This guide covers running Dynamo **using the CLI on your local machine or VM**.
**Looking to deploy on Kubernetes instead?**
See the [Kubernetes Installation Guide](/dynamo/v-0-9-0/kubernetes-deployment/deployment-guide/detailed-installation-guide)

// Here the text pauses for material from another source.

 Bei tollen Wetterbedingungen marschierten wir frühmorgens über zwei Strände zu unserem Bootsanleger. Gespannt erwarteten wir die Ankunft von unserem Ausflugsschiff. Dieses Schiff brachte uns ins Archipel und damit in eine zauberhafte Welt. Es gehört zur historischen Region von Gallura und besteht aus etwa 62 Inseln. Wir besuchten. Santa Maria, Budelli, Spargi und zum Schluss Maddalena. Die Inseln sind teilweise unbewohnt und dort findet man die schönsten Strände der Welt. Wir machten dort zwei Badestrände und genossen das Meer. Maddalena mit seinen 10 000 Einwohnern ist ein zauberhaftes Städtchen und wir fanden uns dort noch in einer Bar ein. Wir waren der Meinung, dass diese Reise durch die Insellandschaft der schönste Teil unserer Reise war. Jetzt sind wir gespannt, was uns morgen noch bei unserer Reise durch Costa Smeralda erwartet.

and [Kubernetes Quickstart](/dynamo/v-0-9-0/kubernetes-deployment/deployment-guide) for cluster deployments.
## Install Dynamo
**Option A: Containers (Recommended)**
Containers have all dependencies pre-installed. No setup required.
```bash
# SGLang
docker run --gpus all --network host --rm -it nvcr.io/nvidia/ai-dynamo/sglang-runtime:0.9.0
# TensorRT-LLM
docker run --gpus all --network host --rm -it nvcr.io/nvidia/ai-dynamo/tensorrtllm-runtime:0.9.0
# vLLM
docker run --gpus all --network host --rm -it nvcr.io/nvidia/ai-dynamo/vllm-runtime:0.9.0
```
To run frontend and worker in the same container, either:
- Run processes in background with `&` (see Run Dynamo section below), or
- Open a second terminal and use `docker exec -it bash`
See [Release Artifacts](/dynamo/v-0-9-0/getting-started/release-artifacts#container-images) for available
versions and backend guides for run instructions: [SGLang](/dynamo/v-0-9-0/components/backends/sg-lang) |
[TensorRT-LLM](/dynamo/v-0-9-0/components/backends/tensor-rt-llm) | [vLLM](/dynamo/v-0-9-0/components/backends/v-llm)

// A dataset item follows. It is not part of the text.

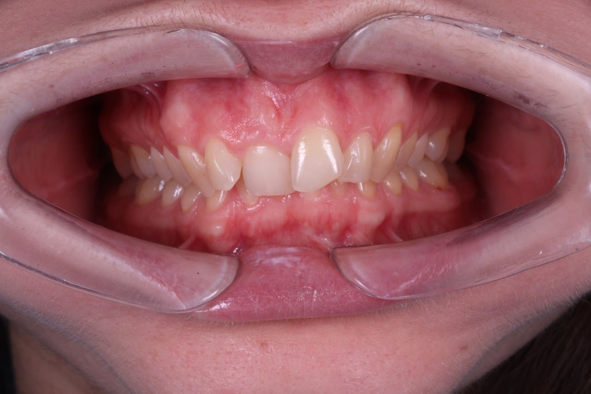 Лечение длилось около трёх лет и было направлено, в первую очередь, на устранение глубокого перекрытия. Мы работали над расширением зубных дуг, правильным наклоном зубов и гармонизацией прикуса. В процессе верхние зубы продолжали перекрывать нижние примерно на одну треть, сохранялось небольшое несоответствие центральных линий — но мы шли к цели шаг

**Option B: Install from PyPI**
```bash
# Install uv (recommended Python package manager)
curl -LsSf https://astral.sh/uv/install.sh | sh
# Create virtual environment
uv venv venv
source venv/bin/activate
uv pip install pip
```
Install system dependencies and the Dynamo wheel for your chosen backend:
**SGLang**
```bash
sudo apt install python3-dev
uv pip install --prerelease=allow "ai-dynamo[sglang]"
```
For CUDA 13 (B300/GB300), the container is recommended. See
[SGLang install docs](https://docs.sglang.io/get_started/install.html) for details.
**TensorRT-LLM**
```bash
sudo apt install python3-dev
pip install torch==2.9.0 torchvision --index-url https://download.pytorch.org/whl/cu130
pip install --pre --extra-index-url https://pypi.nvidia.com "ai-dynamo[trtllm]"
```
TensorRT-LLM requires `pip` due to a transitive Git URL dependency that
`uv` doesn't resolve. We recommend using the TensorRT-LLM container for
broader compatibility. See the [TRT-LLM backend guide](/dynamo/v-0-9-0/components/backends/tensor-rt-llm)
for details.
**vLLM**
```bash
sudo apt install python3-dev libxcb1
uv pip install --prerelease=allow "ai-dynamo[vllm]"
```
## Run Dynamo
**(Optional)** Before running Dynamo, verify your system configuration:
`python3 deploy/sanity_check.py`
Start the frontend, then start a worker for your chosen backend.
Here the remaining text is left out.